Each subject was to have a minimum of 18 scorable teeth (excluding third molars, teeth with orthodontic appliances, bridges, crowns or implants). To be included in the study, the subjects were required to have at least five interproximal open embrasures (complete loss of interdental papilla) with the adjacent teeth being the natural dentition. The subjects were required to have at least two embrasures on one side of the oral cavity and the remaining on the other. The interdental embrasures presenting with marginal gingival recession were excluded from the study.

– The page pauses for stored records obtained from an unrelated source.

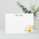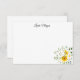 Die Note Card wird in Weiß mit einem schönen Blumendruck von Blume in Gelb- und Weißtönen gezeigt. Angezeigt mit einem benutzerdefinierten Beispielnamen. Passen Sie diese Karte an, und ändern Sie den Beispielnamen in Ihren Namen. Die Umschläge beinhalteten das Archivbild freepik.com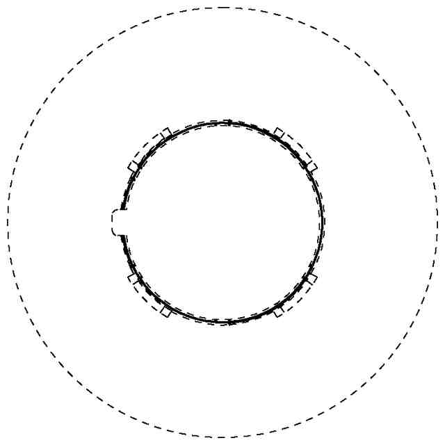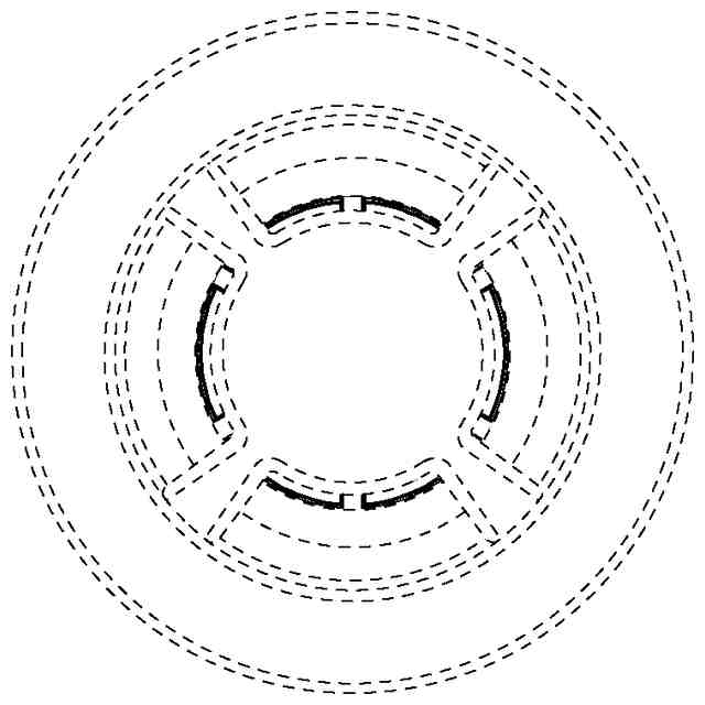実線で表した部分が意匠登録を受けようとする部分である。背面図は正面図と対称に表れる。右側面図は左側面図と同一に表れる。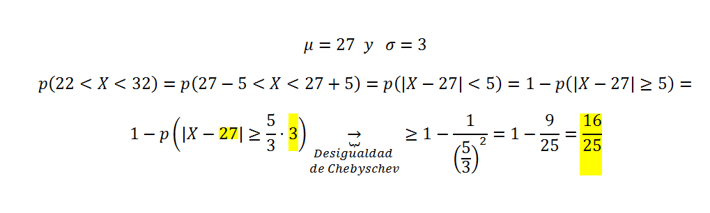 Sea X la temperatura a las 12.00 h del mediodía en un determinado lugar geográfico. Supongamos que en promedio X es de 27 grados con una desviación típica de σ=3 grados. Encuentra una cota inferior para la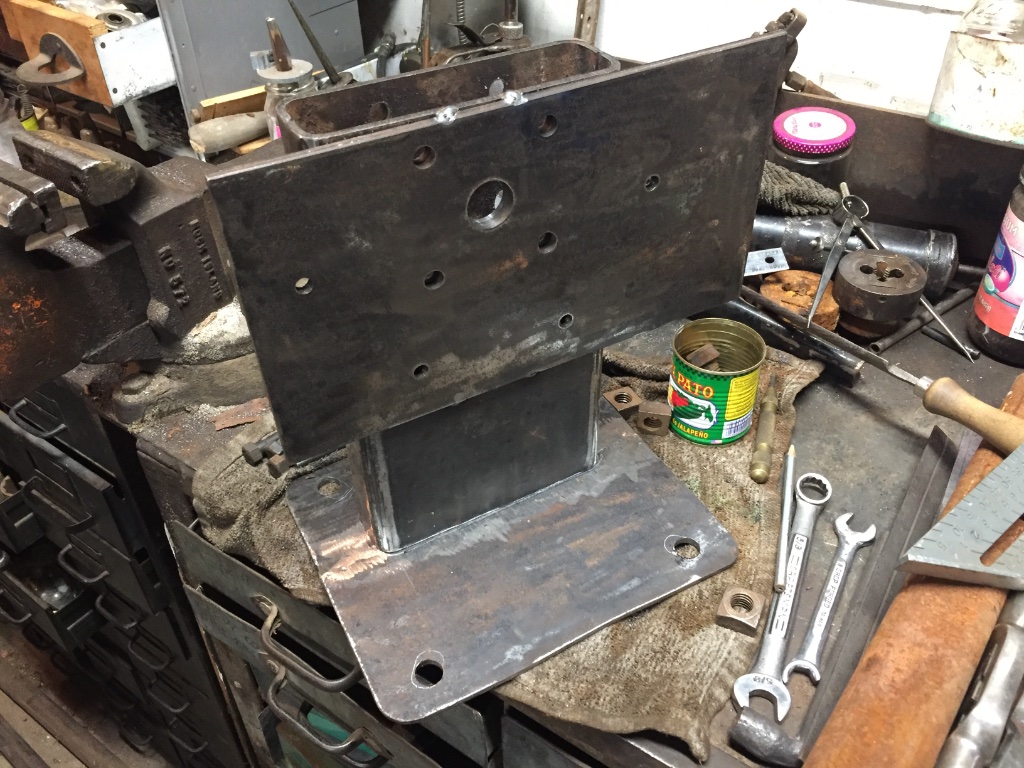 Anyway that is the backstory that led me to get a 8 x 8 that I cut down from a friend. Because it was not wide enough I needed to attach a plate here you can see it spot welded with holes to hold the magneto coil.

In addition, the subjects were to be current manual toothbrush users. Reasons The reasons for exclusion were; presence of aggressive periodontitis, presence of severe periodontitis, that is, clinical attachment loss of ≥ 5 mm,  any physical limitations that might compromise the normal tooth brushing technique, evidence of neglected oral hygiene or major hard or soft tissue lesions or trauma, gross caries or the other hard tissue pathology, heavy calculus, orthodontics, prosthodontics, and oral piercings, a medical condition with a requirement of prophylactic antibiotic coverage before dental treatment, use of antibiotic therapy or anti-inflammatory medications in the previous 28 days, use of anticoagulants, steroid therapy, and smoking status. Diabetes, rheumatic fever, hepatic or renal disease and other transmissible diseases, were each also a basis for exclusion.
After selection, the patients were informed about the purpose and duration of the study. Upon their decision to participate all the subjects gave a written informed consent, and the protocol was approved by the Institutional Review Board.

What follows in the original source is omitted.